Work required
Retype the data exactly, from its first line to the line containing "Ce mélange sucré, croquant", including both, and skip any picture.

(Dataset excerpts)
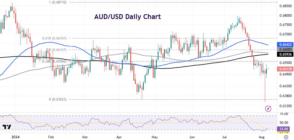 On the fundamental side, there is a clear disconnect between Governor Bullock’s assessment of inflation risks and the market’s continued optimism for rate cuts by year end. Money markets have priced in above an 80% chance of a 25bp rate reduction by the December meeting. Is that a hangover from the market turmoil of the last few days? If so, and Govenor Bullock is more correct rather than markets, AUD could rally into the autumn and year end.
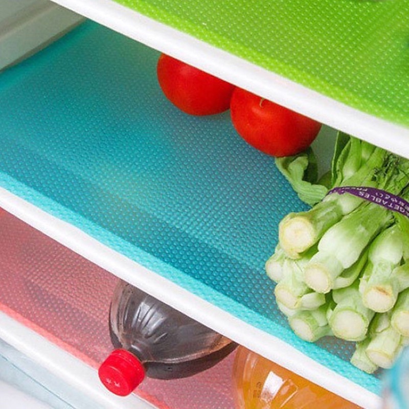 Bộ 4 miếng lót chống khuẩn ngăn tủ lạnh đa năng (45 x 30 cm) Chất liệu nhựa cao cấp chống trơn trượt
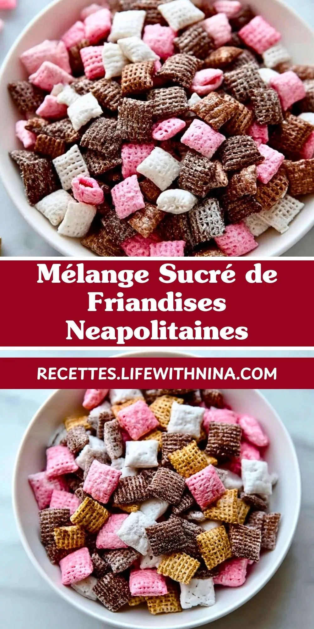 Ce mélange sucré, croquant et festif est inspiré des couleurs et saveurs napolitaines : chocolat, fraise et vanille. Idéal pour les fêtes, buffets ou petits cadeaux gourmands, il se prépare rapidement et ravira petits et grands !
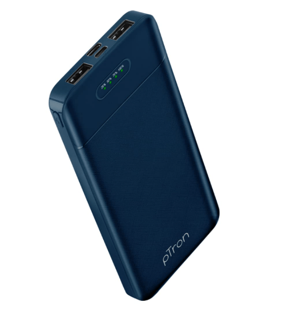 - pTron Dynamo Lite 10000mAh Li-Polymer Power Bank, Made in India, 10W 2.1A Fast Charging Power Bank for Smartphones & Dual USB Ports, Type C & Micro USB Input, Safe & Reliable – (Blue)
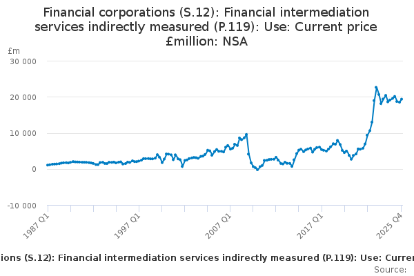 Download this time seriesFinancial corporations (S.12): Financial intermediation services indirectly measured (P.119): Use: Current price £million: NSA
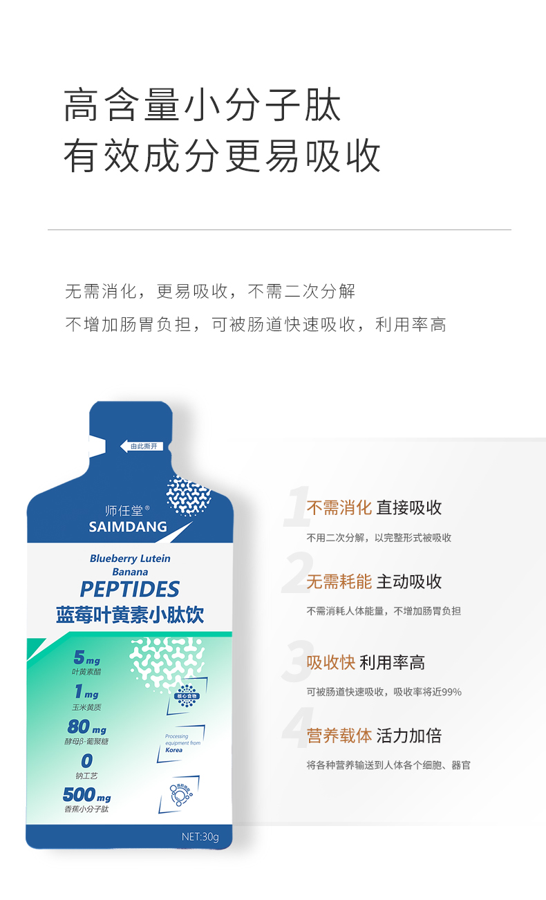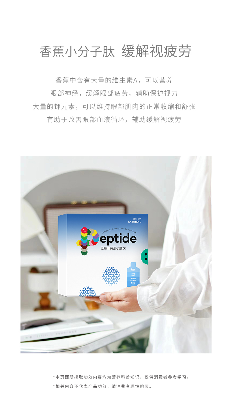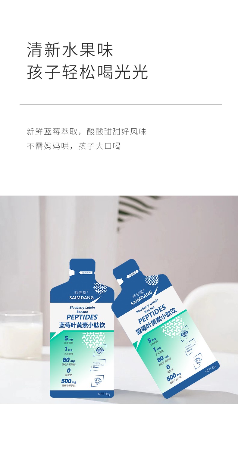 師任堂藍(lán)莓葉黃素小肽飲,少年兒童專研配方,“葉黃素酯+玉米黃質(zhì)”5:1黃金比例,科學(xué)護(hù)眼。搭配藍(lán)莓、低聚果糖(益生元)、酵母β-葡聚糖,特別添加香蕉小分子肽,多種營(yíng)養(yǎng)協(xié)同補(bǔ)充,加倍養(yǎng)護(hù),抵御強(qiáng)藍(lán)光,滿分護(hù)視力!高含量小分子肽,成分更易吸收,不增加腸胃負(fù)擔(dān)。
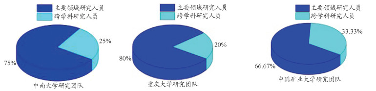以重庆大学土木工程学院研究团队、中南大学土木工程学院团队以及中国矿业大学力学与土木工程学院团队为例进行说明。重庆大学研究团队形成了以岩土工程防灾减灾与材料科学相结合的跨学科研究团队,将改良纤维混凝土有效应用于隧道灾害防治;中南大学研究团队将非饱和土的研究与交通工程相结合,对交通岩土的研究作出了重要贡献;中国矿业大学研究团队以采矿技术为基础,引入能源工程与环境工程等相关学科研究人员,组成了能源开采与环境保护的复合型研究团队。不同团队根据实际需要,对跨学科成员作出相应调整,从图 5中3个研究团队成员配置可以看出,导师团队中跨学科研究人员数量基本保持在1/4~1/3之间,这是因为适当的跨学科交流可以促进创新思维的产生,但如果一个团队的研究方向过于分散反而会对团队的研究产生消积的影响,因此应把握其中的分寸。

Response to this exercise
 On the fundamental side, there is a clear disconnect between Governor Bullock’s assessment of inflation risks and the market’s continued optimism for rate cuts by year end. Money markets have priced in above an 80% chance of a 25bp rate reduction by the December meeting. Is that a hangover from the market turmoil of the last few days? If so, and Govenor Bullock is more correct rather than markets, AUD could rally into the autumn and year end.
 Bộ 4 miếng lót chống khuẩn ngăn tủ lạnh đa năng (45 x 30 cm) Chất liệu nhựa cao cấp chống trơn trượt
 Ce mélange sucré, croquant et festif est inspiré des couleurs et saveurs napolitaines : chocolat, fraise et vanille. Idéal pour les fêtes, buffets ou petits cadeaux gourmands, il se prépare rapidement et ravira petits et grands !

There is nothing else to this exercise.